By the winter of 1943 he
was transferred to the Ministry of
Economics. Ohlendorf's ostensible job was
focusing on export trade, but his real
priority was preserving the SS's massive
pan-European economic empire after Germany's
defeat.
Ohlendorf, who was later
hanged at Nuremberg, took particular
interest in the work of a German economist
called Ludwig Erhard. Erhard had written a
lengthy manuscript on the transition to a
post-war economy after Germany's defeat.
This was dangerous, especially as his name
had been mentioned in connection with
resistance groups.
But Ohlendorf, who was
also chief of the SD, the Nazi domestic
security service, protected Erhard as he
agreed with his views on stabilising the
post-war German economy. Ohlendorf himself
was protected by Heinrich Himmler, the chief
of the SS.
Ohlendorf and Erhard
feared a bout of hyper-inflation, such as
the one that had destroyed the German
economy in the Twenties. Such a catastrophe
would render the SS's economic empire almost
worthless.
The two men agreed that
the post-war priority was rapid monetary
stabilisation through a stable currency
unit, but they realised this would have to
be enforced by a friendly occupying power,
as no post-war German state would have
enough legitimacy to introduce a currency
that would have any value.
That unit would become the
Deutschmark, which was introduced in 1948.

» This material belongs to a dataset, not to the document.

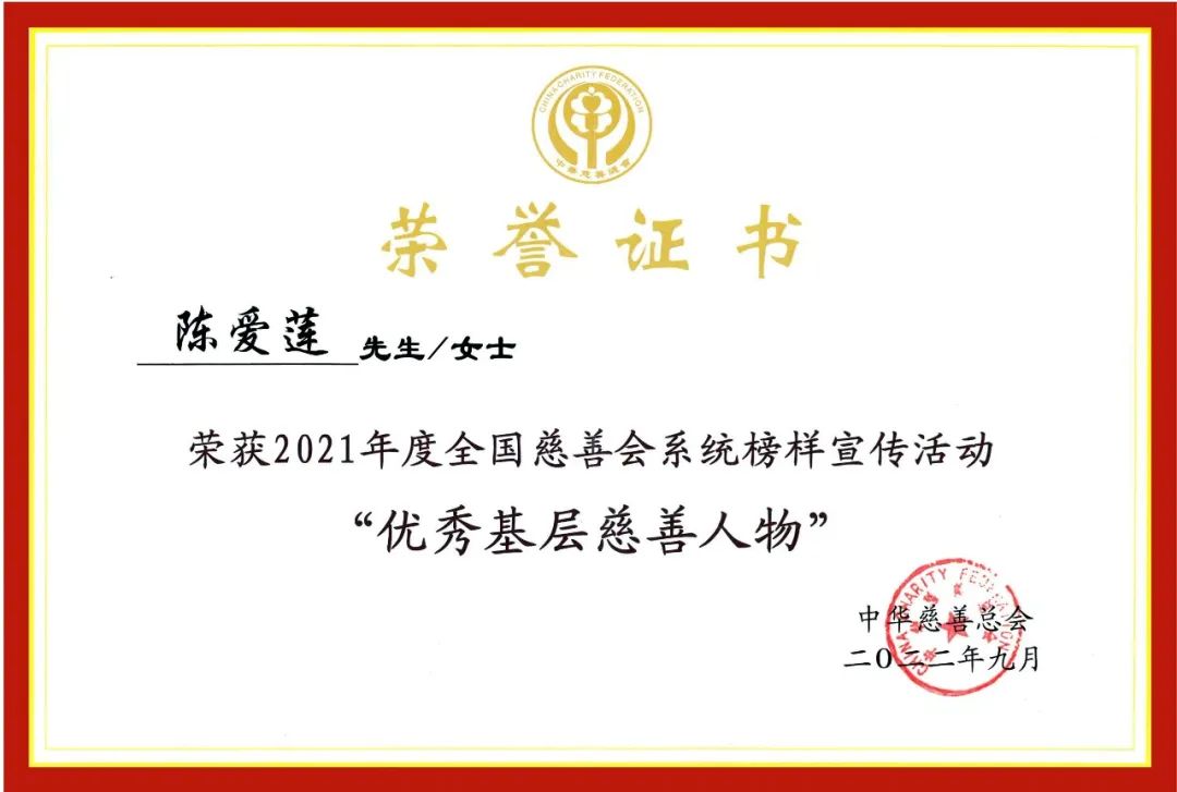 爱莲漂亮墟落基金会2018年获评AAAA级中国社会组织,,,,,,2021年获评“我和我的祖国”公益践行奖;;;;;提倡人陈爱莲主席获评2021年度天下慈善会系统模范宣传运动“慈善人物奖”。。。。。。后续,,,,,,爱莲漂亮墟落基金将一如既往地致力于“增进农村生长”的初心使命,,,,,,为推动墟落振兴、助力配合富足贡献一份实力。。。。。。

It was an astonishing success and it
kick-started the German economy. With a
stable currency, Germany was once again an
attractive trading partner.
The German industrial
conglomerates could rapidly rebuild their
economic empires across Europe.
War had been
extraordinarily profitable for the German
economy. By 1948 - despite six years of
conflict, Allied bombing and post-war
reparations payments - the capital stock of
assets such as equipment and buildings was
larger than in 1936, thanks mainly to the
armaments boom.
Erhard pondered how German
industry could expand its reach across the
shattered European continent. The answer was
through supranationalism - the voluntary
surrender of national sovereignty to an
international body.
Germany and France were
the drivers behind the European Coal and
Steel Community (ECSC), the precursor to the
European Union. The ECSC was the first
supranational organisation, established in
April 1951 by six European states. It
created a common market for coal and steel
which it regulated. This set a vital
precedent for the steady erosion of national
sovereignty, a process that continues today.
But before the common
market could be set up, the Nazi
industrialists had to be pardoned, and Nazi
bankers and officials reintegrated. In 1957,
John J. McCloy, the American High
Commissioner for Germany, issued an amnesty
for industrialists convicted of war crimes.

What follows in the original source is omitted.